Im Frühjahr, insbesondere zwischen April und Juni, beginnt in der Landwirtschaft die erste Mahd der Grünlandflächen. Dabei kommen große Maschinen zum Einsatz, die die Wiesen in kurzer Zeit und mit hoher Geschwindigkeit mähen. Für viele Wildtiere wie Rehkitze, Hasen und Bodenbrüter stellt dies eine erhebliche Gefahr dar, da sie sich im hohen Gras verstecken und oft nicht rechtzeitig fliehen.

Früher durchkämmten Jäger und Landwirte die Flächen vor der Mahd zu Fuß, häufig unterstützt von Hunden. Diese Methode war jedoch sehr zeitaufwendig und konnte nur begrenzt eingesetzt werden. Zudem wurden Tiere im dichten Bewuchs oft übersehen.

Heute bietet moderne Drohnentechnik mit Wärmebildkameras eine effektive Lösung. Die Drohnen ermöglichen es, große Flächen schnell und gezielt zu überfliegen und dabei Wärmequellen zuverlässig zu erkennen. So können Rehkitze und andere Tiere frühzeitig entdeckt, in Sicherheit gebracht oder ihre Position markiert werden.
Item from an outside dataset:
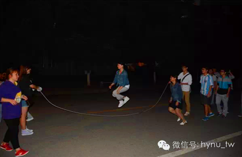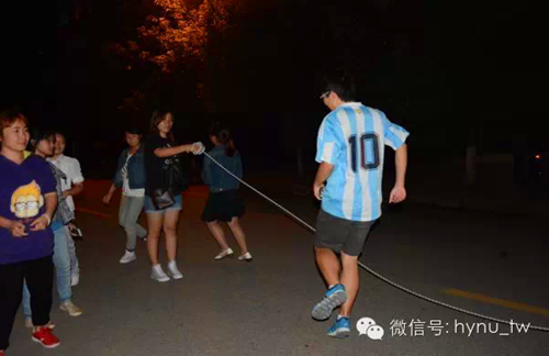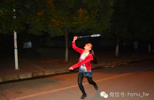 10月21至22日晚间,在学校宽广的马路上突然多了一群集体散慢跑的学生。这群学生从红旗广场出发,经音乐楼、理综楼、美术楼最终女生七栋宿舍楼旁的沙地集合。在那里,集合起来的同学们拿出早已准备好的运动器械,羽毛球、毽子、跳绳等开始了晚间运动。这是新闻系最新推出的晚练的活动场面。路灯下,同学们活跃的身影瞬间成为了师院的“焦点”。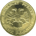 - ↑ На монетах появится изображение герба РФ (рус.). — «Банк России начал чеканить монеты со своей эмблемой в 1992 году, когда государственный герб Российской Федерации еще не был утвержден. В 2011 - 2014 годах Банк России использовал изображение государственного герба на памятных монетах, посвященных Олимпийским играм в Сочи.»

Die Kreisjägerschaft Düren e.V. nutzt diese Technik bereits seit 2021 erfolgreich. Ein Team aus elf ausgebildeten Drohnenpiloten ist jedes Frühjahr im Einsatz. Bereits im ersten Jahr konnten 46 Rehkitze gerettet werden und in den Folgejahren jeweils über 100 Kitze.

Neue gesetzliche Vorgaben der EU erfordern zertifizierte Drohnen und speziell geschulte Piloten. Die Victor Rolff Stiftung unterstützt die Kreisjägerschaft Düren e.V. bei der Fortbildung der Drohnenpiloten.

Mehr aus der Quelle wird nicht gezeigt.